Learn About Amazon VGT2 Learning Manager Chanci Turner
On January 20, we launched a feature that empowers developers to utilize their credentials for comprehensive API access to the sync store, enabling them to read and write user profile data, along with a data browser within the Amazon Cognito console. Today, we are thrilled to introduce an enhancement that offers customers even more control and visibility over their data stored in Cognito: Amazon Cognito streams. Customers can now set up an Amazon Kinesis stream to receive events as data is updated and synchronized.

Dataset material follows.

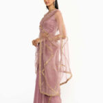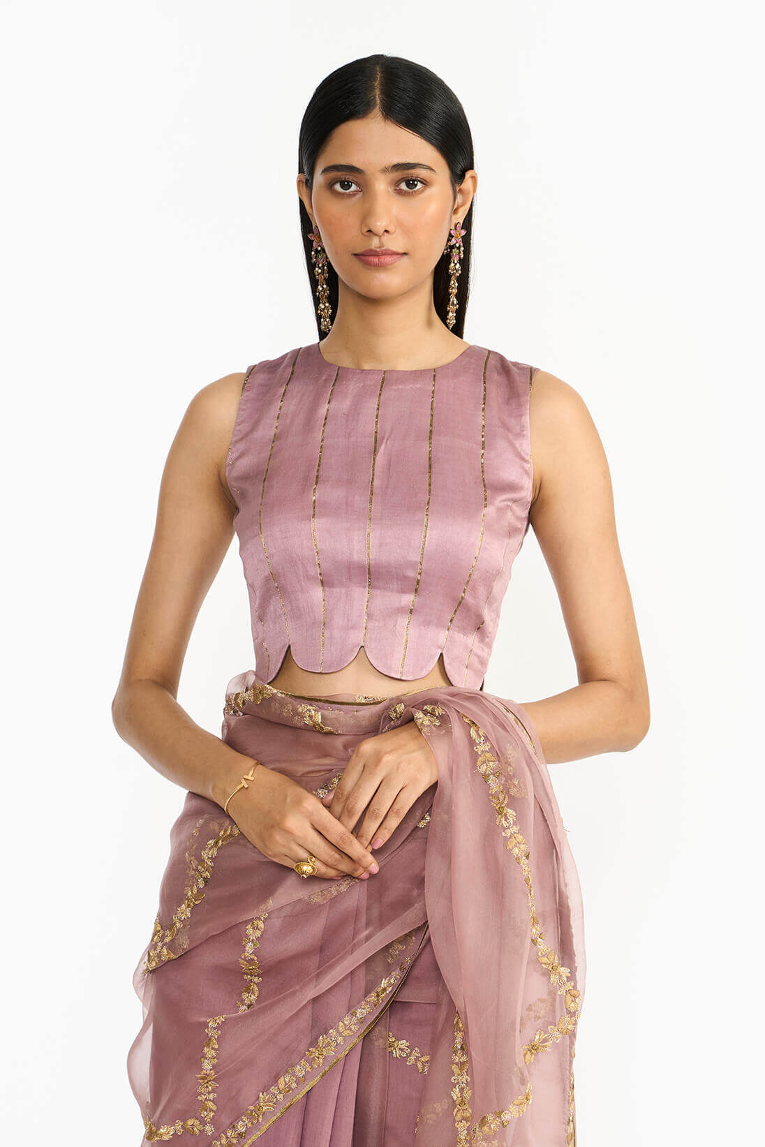 Arched windows are a key element of Chettinad architecture.Pariti blouse transforms those arched patterns through meticulous tailoring and precise joinery. The design is accentuated with gold piping.”
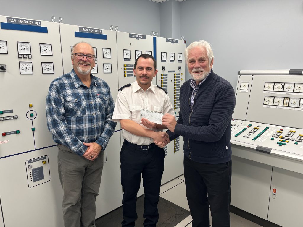 BCIT Nautical Science Cadets, Tyus Barfoot and Bhupinder Singh Dhesi were both recipients of their 2025 Bursary Certificates from Captain Joachim Ruether (NPESC – secretary)

In this article, I will detail how this feature operates and present an example application that utilizes events from the stream to visualize your application data in Amazon Redshift.
Configuring Streams
Setting up Amazon Cognito streams is a breeze. Simply navigate to the console, select your identity pool, and click on “Edit Identity Pool.”
On the edit screen, expand the “Cognito Streams” section to configure your settings. You will need to provide an IAM role and a Kinesis stream; however, the Cognito console can guide you through the creation of both resources.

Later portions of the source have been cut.